Présentation du dossier
Le mouvement communautaire autonome
Que ce soit dans des domaines aussi divers que celui de la santé, de l’environnement, des communications ou des loisirs ; que ce soit auprès des jeunes, des femmes, des personnes immigrantes ou des locataires, plusieurs milliers d’organismes communautaires au Québec œuvrent sur une base quotidienne à tenter d’améliorer la qualité de vie des populations souvent les plus défavorisées et/ou discriminées. Chacun selon sa mission, ces organismes travaillent à la réalisation de leurs objectifs dans un cadre, formellement du moins, autonome et démocratique.
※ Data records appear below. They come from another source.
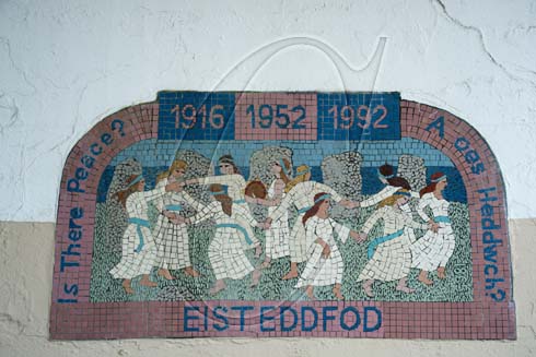 Mosiacs surrounding the base of the ruins of Abersytwyth castle, Aberystwyth, Ceredigion, Wales.
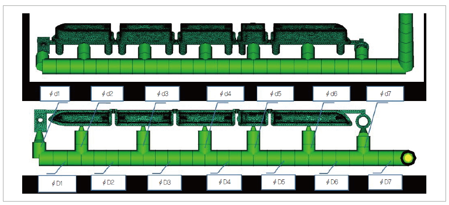 그림 1은 ‘일자’형 러너 레이아웃이며, 성형품은 7개로 구성된 것으로 Shot당 28개의 제품이 성형되도록 설계됐다.
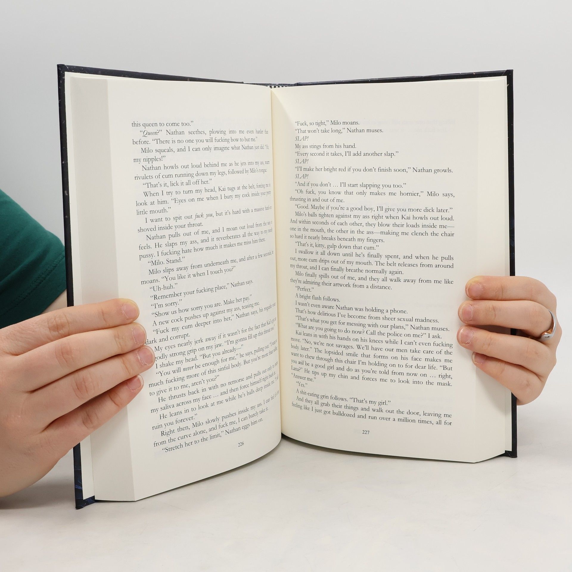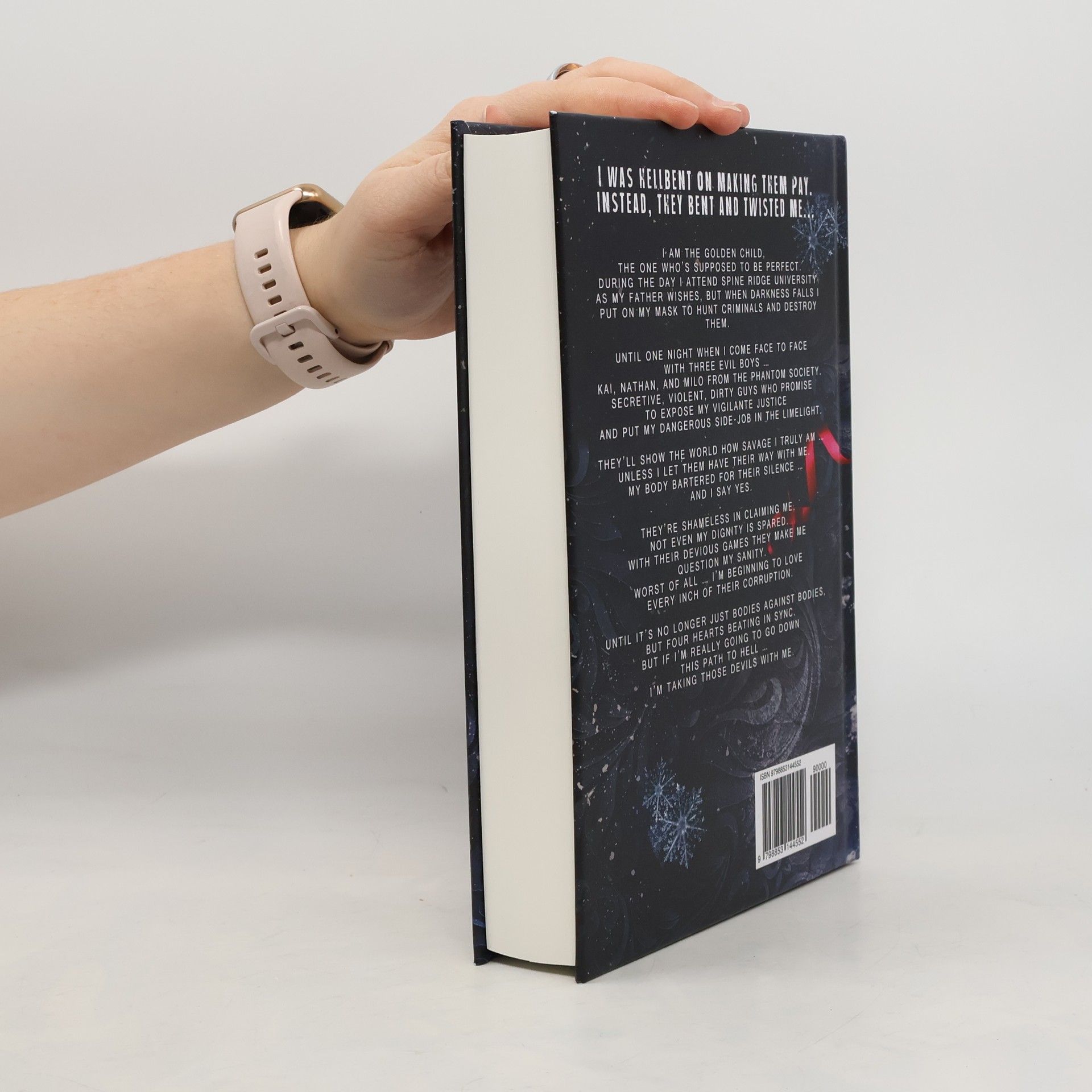 "I am the golden child, the one who's supposed to be perfect. During the day I attend Spine Ridge University as my father wishes, but when darkness falls I put on my mask to hunt criminals and destroy them. Until one night when I come face to face with three evil boys ... Kai, Nathan, and Milo from the Phantom Society. Secretive, violent, dirty guys who promise to expose my vigilante justice and put my dangerous side-job in the limelight. They'll show the world how savage I truly am ... unless I let them have their way with me. My body bartered for their silence ... And I say yes. They're shameless in claiming me, not even my dignity is spared. With their devious games they make me question my sanity. Worst of all ... I'm beginning to love every inch of their corruption. Until it's no longer just bodies against bodies, but four hearts beating in sync. But if I'm really going to go down this path to hell ... I'm taking those devils with me."--From back cover
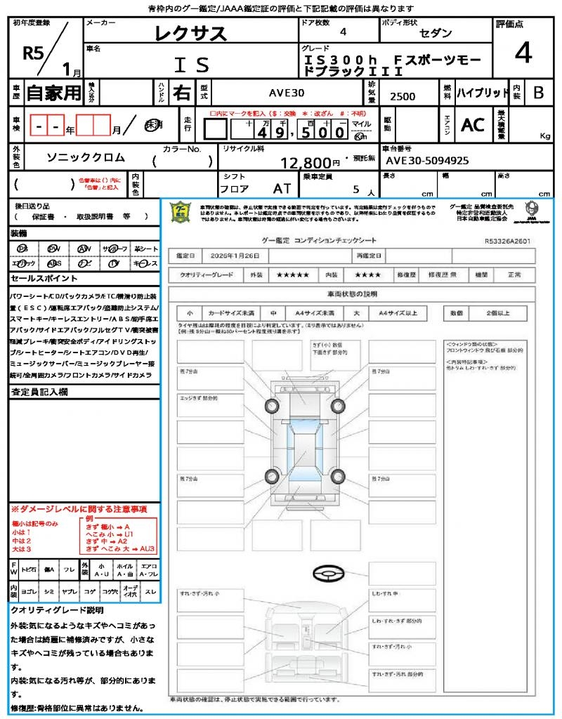 | VIN/Serial No. | AVE30-5094925 |
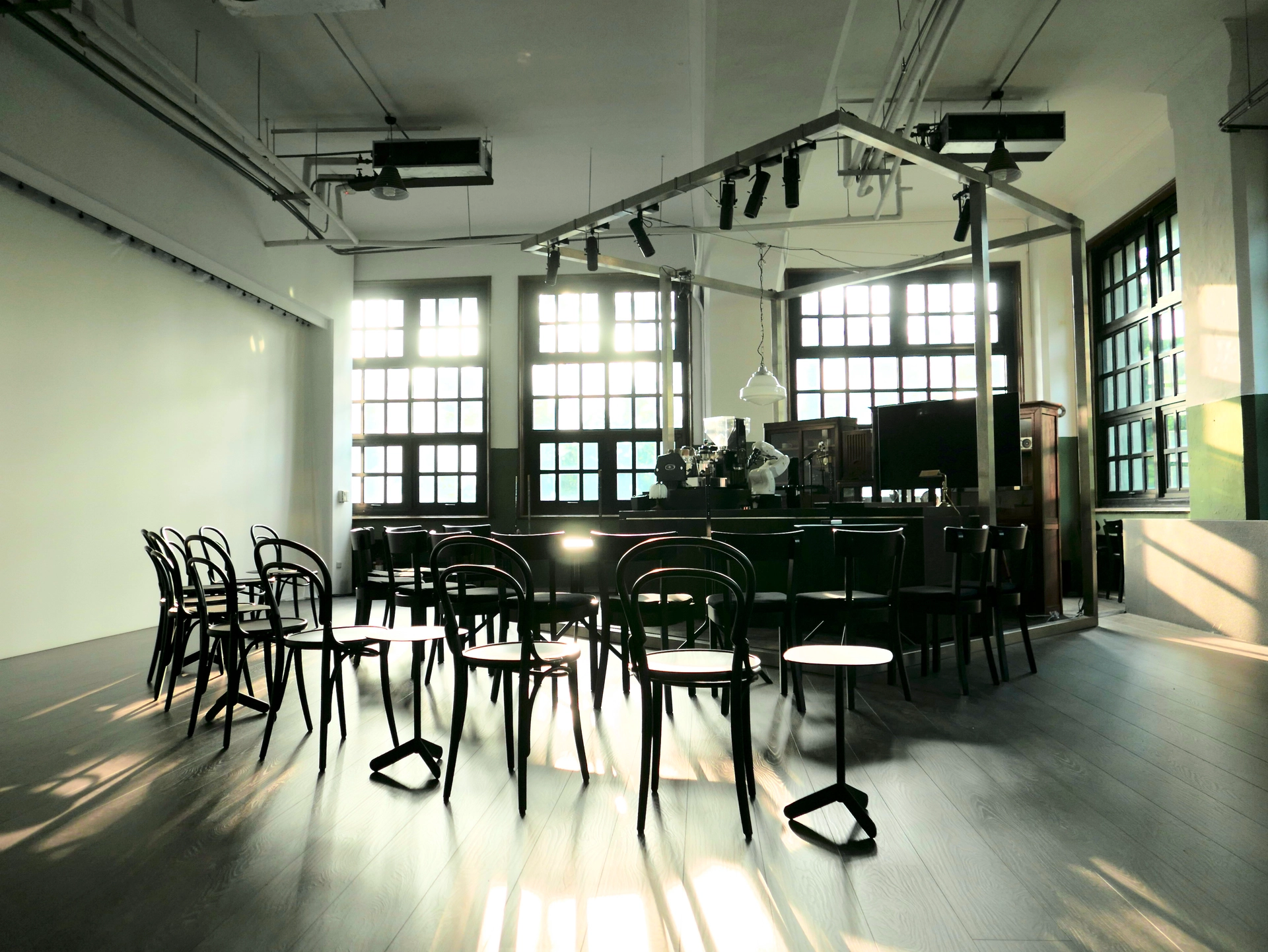 〈小螞蟻與機器人 咖啡小酒館〉定目劇在台北松菸工作室醞釀多時,舞臺裝置與XRANGE十一事務所張淑征建築師合作,也邀請MUME主廚林泉擔任料理顧問,以及蜷尾家冰淇淋創辦人李豫,一同打造演出的空間與提供的餐點,讓觀眾有更全方位的沉浸體驗。演出容納觀眾數僅15人,讓觀眾與表演者都更直接的感覺到對方的每一個細節,藉由僅僅一隻手臂的距離,帶領觀眾體驗被放大的演出情緒與能量。〈小螞蟻與機器人 咖啡小酒館〉呈現出未來22世紀坐落於台北的咖啡廳景觀,透過舞者們與KR3小庫卡機器人的共同服務,打造獨樹一幟的定目劇演出
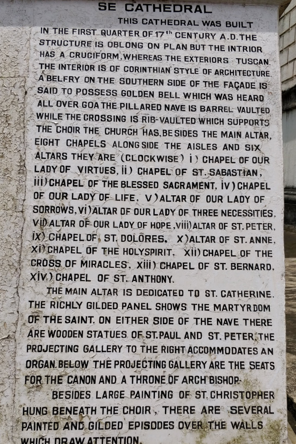 The Sé Cathedral has five bells. The existing tower houses a famous bell, one of the largest in Goa and often referred to as ‘Golden Bell’ on account of its rich tone which has been immortalized in a Portuguese poem.
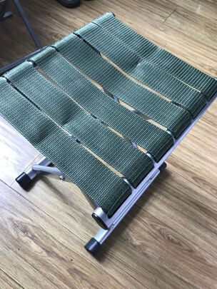 凳子很轻,应该是铝合金的。颜色也不错,比较低调。不足之处:用了不久,马扎面的带子就有些不平整了,要知道坐马扎的人体重才65kg啊。
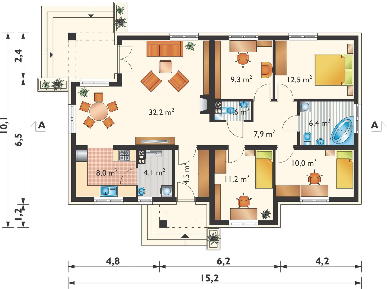 Graficzne opracowanie rzutów poglądowych widocznych na karcie projektu zostało wykonane przez Extradom.pl. Prezentowane przez Extradom.pl wizualizacje wykonane zostały przez autora projektu i należy poczytywać je jedynie za przykład i propozycję wykończenia, wizję architektoniczną autora projektu. Ostateczne wykończenie budynku może nastąpić na wiele sposobów. Szczegółowe rozwiązania zastosowane w oferowanej dokumentacji - w tym również ilość, lokalizacje i wygląd okien, drzwi, kominów - mogą w niewielkim stopniu różnić się od prezentowanej wizualizacji budynku.
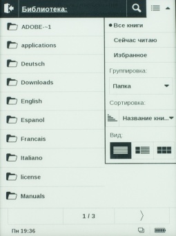 Доступ ко всей имеющейся в устройстве литературе обеспечивается из подменю «Библиотека». Здесь весь контент разделен по папкам, название которых прямо «подсказывает» о характере того или иного материала.
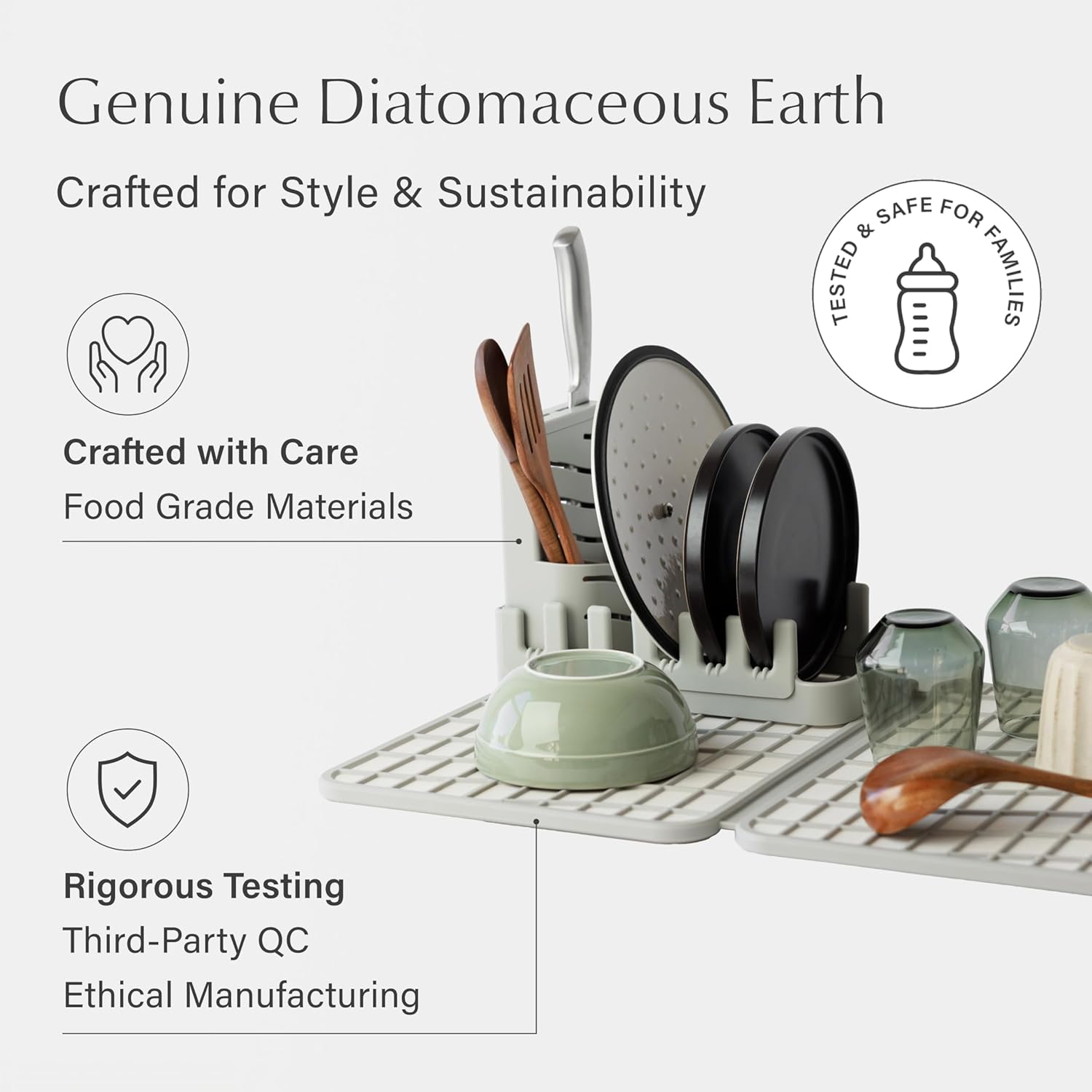- STONE DRYING MAT AND DISH DRYING RACK SET: A premium kitchen essential featuring a collapsible dish drying pad and drying rack. Maximize counter space with this modern dish rack, the perfect companion to the Dish Pad.
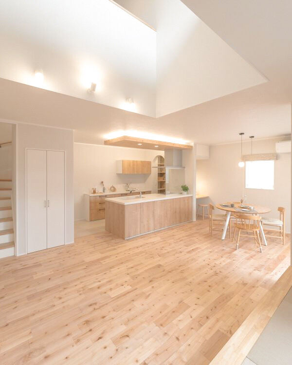 無垢床のやさしい肌触りは子供の健やかな心を育みます。家族の暮らしにマッチした間取りや、木の素材感を生かした温かみあるデザインが特徴です。 -
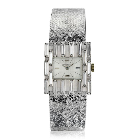 Ladies 18kt white gold Vacheron Constantin dress watch. Factory baguette diamond bezel.Integrated 18kt white gold bracelet. 7 inches in length.Silver dial.58 grams in weight. 24mm x 21mm case diameter.Manual winding movement. 20 Jewels. All Original Factory done. Circa 1960's
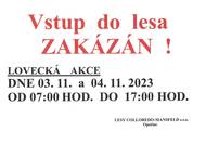 Oznámení - zákaz vstupu do lesa 03. - 04. 11 2023
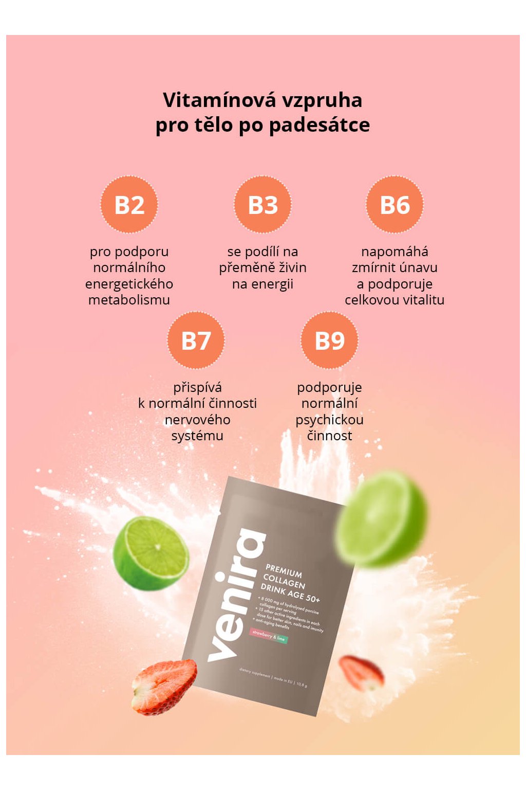 S přibývajícím věkem, zejména po padesátce, se přirozeně mění i metabolické procesy v těle. Proto je důležité pravidelně doplňovat klíčové mikronutrienty. Tento kolagen je obohacen o 5 vitamínů skupiny B, které přispívají k normálnímu energetickému metabolismu a ke snížení míry únavy a vyčerpání. Biotin a riboflavin zároveň napomáhají udržení normálního stavu pokožky, vlasů a sliznic, takže skvěle zapadají do každodenní beauty rutiny.
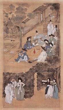 Women could only have four types of "professions" in Joseon: they could become gungnyeo (palace women), shamans, physicians or gisaeng.[26] The latter, who are often compared to Japanese geisha, could live a freer life than most women. They could read and write, were skilled in music, arts, poetry and served as intellectual companions to men in a period where wives were not allowed to be true companions because of the Confucian restrictions.[21] The most famous gisaeng is probably Hwang Jin-yi, who lived in the 16th century and is considered a role model of progressive, self-conscious women in Korea.[27]
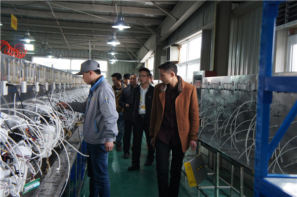 在產(chǎn)品展廳,華中大區(qū)總監(jiān)劉明明為參觀人員介紹了公司產(chǎn)品種類(lèi)、功能,并分析了凈水行業(yè)的現(xiàn)狀和發(fā)展前景。之后,一行十余人參觀了園區(qū),看到整齊停放的服務(wù)車(chē),參觀者連連稱(chēng)贊公司這一加盟政策給力,既方便了代理商跑市場(chǎng),又是十分有效的宣傳方式。在生產(chǎn)車(chē)間,參觀者一邊認(rèn)真聽(tīng)取講解,一邊仔細(xì)觀看生產(chǎn)環(huán)節(jié),零距離接觸生產(chǎn)線,親身感受操作流程。
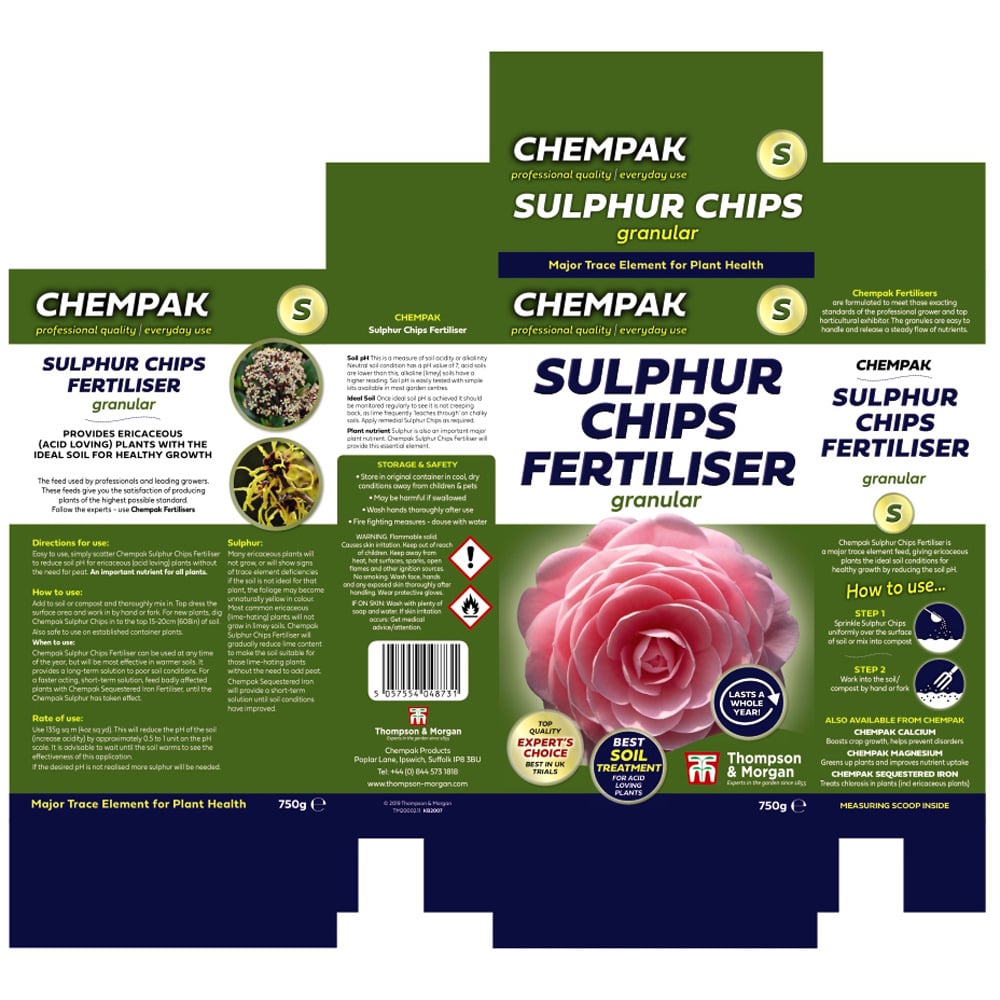 Important trace element gives ericaceous plants the ideal soil base for healthy growth Many ericaceous plants will not grow, or will show signs of trace element deficiencies if the soil is not ideal for that plant. Most common ericaceous (lime-hating) plants will not grow in limey soils. Chempak Sulphur chips will gradually reduce the pH content to make the soil suitable for healthy growth. Rate of use: Use 4oz. per sq. yd. (135gms per sq. m. ). This will reduce the pH value by approximately 0. 5 to 1 unit on the pH scale. It is advisable to wait until the soil warms to see the effectiveness of this application. If the desired pH is not realised more sulphur will be needed. Soil pH: This is a measure of soil acidity or alkalinity on a scale from 0-14 units. Neutral soil condition has a pH value of 7; acid soils are lower than this; alkaline (limey) soils have a higher reading. pH6 = acidic, pH7 = neutral, pH8 = limey. Soil testing: Soil pH is easily tested by either chemical or electronic DIY test kits available in most garden shops. Ideal soil: Once ideal soil pH is achieved it should be monitored regularly to see it is not creeping back, as lime frequently 'comes through' on chalky soils. Apply remedial sulphur chips if necessary. Plant foods: Sulphur is also an important major plant food. Chempak Sulphur chips will provide this essential element. Iron deficiency: Many plants will exhibit chlorosis (yellowing) on limey soils. Correcting the soil condition will provide a permanent solution. Chempak Iron will correct these deficiencies quickly and may be an alternative or temporary solution. Safety: Sulphur is combustible and may give off toxic fumes in the event of a fire. Fire fighting measures - douse with water. Store safely in the original container away from heat sources. Wash hands after use.
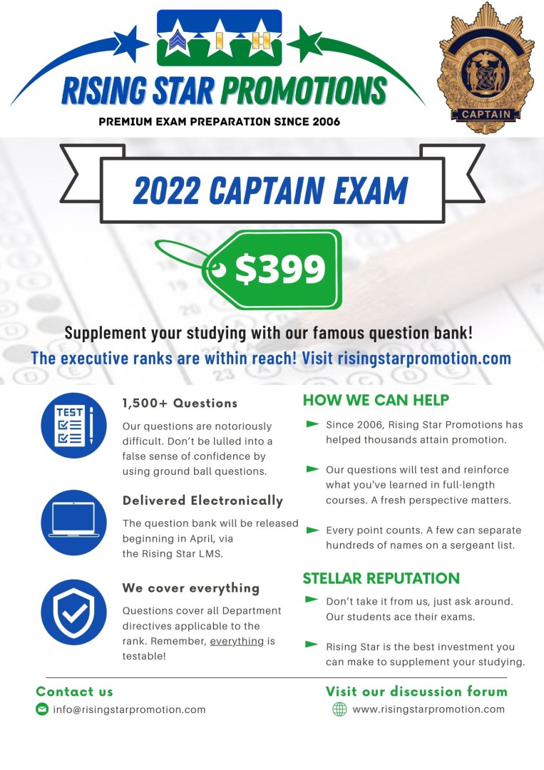 As a reminder, Captain Exam students will get every Rising Star question ever written for all ranks.

Comités de citoyens, groupes populaires ou organismes d’action communautaire autonome, les expressions n’ont pas manqué pour désigner cette nébuleuse d’initiatives populaires qui a surgi au Québec à partir de 1960. Malgré cette hétérogénéité d’expériences et de dénominations, on peut quand même relever des traits communs significatifs. Il s’agit, d’abord et avant tout, d’organismes basés sur la participation volontaire des citoyennes et citoyens, ayant comme objectif des activités solidaires ou de défense des droits et qui sont autonomes de l’État. Cette autonomie dérive du fait que les organisations populaires reçoivent leur mandat de leurs membres, issus de la communauté, et qu’ils sont redevables envers ceux-ci de leurs actions. La question reste de savoir comment, au quotidien, cette autonomie se concrétise.
En effet, malgré l’importance prise par les activités du mouvement populaire et communautaire dans la société québécoise et malgré une certaine reconnaissance officielle auprès de l’État, rien n’est définitivement acquis pour le mouvement. Ainsi, le processus de restructuration dans le domaine de la santé et des services sociaux impulsé par le gouvernement libéral de Jean Charest, élu en avril 2003, crée de nombreuses incertitudes : quelle sera la place réelle de l’action communautaire autonome dans le réseau des affaires sociales et de la santé qui se voit, une fois de plus, réformé ? Les problèmes financiers qui étranglent bien des groupes seront-ils enfin résolus par un financement récurrent et adéquat ?
Ces interrogations nous ont amenées à tenter d’esquisser un portrait de la situation actuelle des groupes populaires et communautaires au Québec. Étant donné l’espace restreint de ce dossier, nous n’avons pu que procéder à un survol (bien tracé par Jean-Yves Joannette, militant de longue date du mouvement), nous intéressant à la question des rapports – toujours problématiques – avec l’État (Marc-André Houle) ; aux enjeux actuels dans le secteur de la santé et des services sociaux (Robert Théoret) ; au statut incertain de l’action bénévole (Pierre Riley) ; à la possible réforme du droit associatif qui remet en question les bases et les valeurs du mouvement associatif québécois (Daniel Lamoureux) ainsi qu’à l’état des lieux dans le secteur du logement sur le Plateau Mont-Royal (Simon Dumais). Enfin, Normand Baillargeon consacre sa chronique sur l’éducation à Paolo Freire, pédagogue brésilien ayant inspiré de nombreux organismes d’éducation populaire.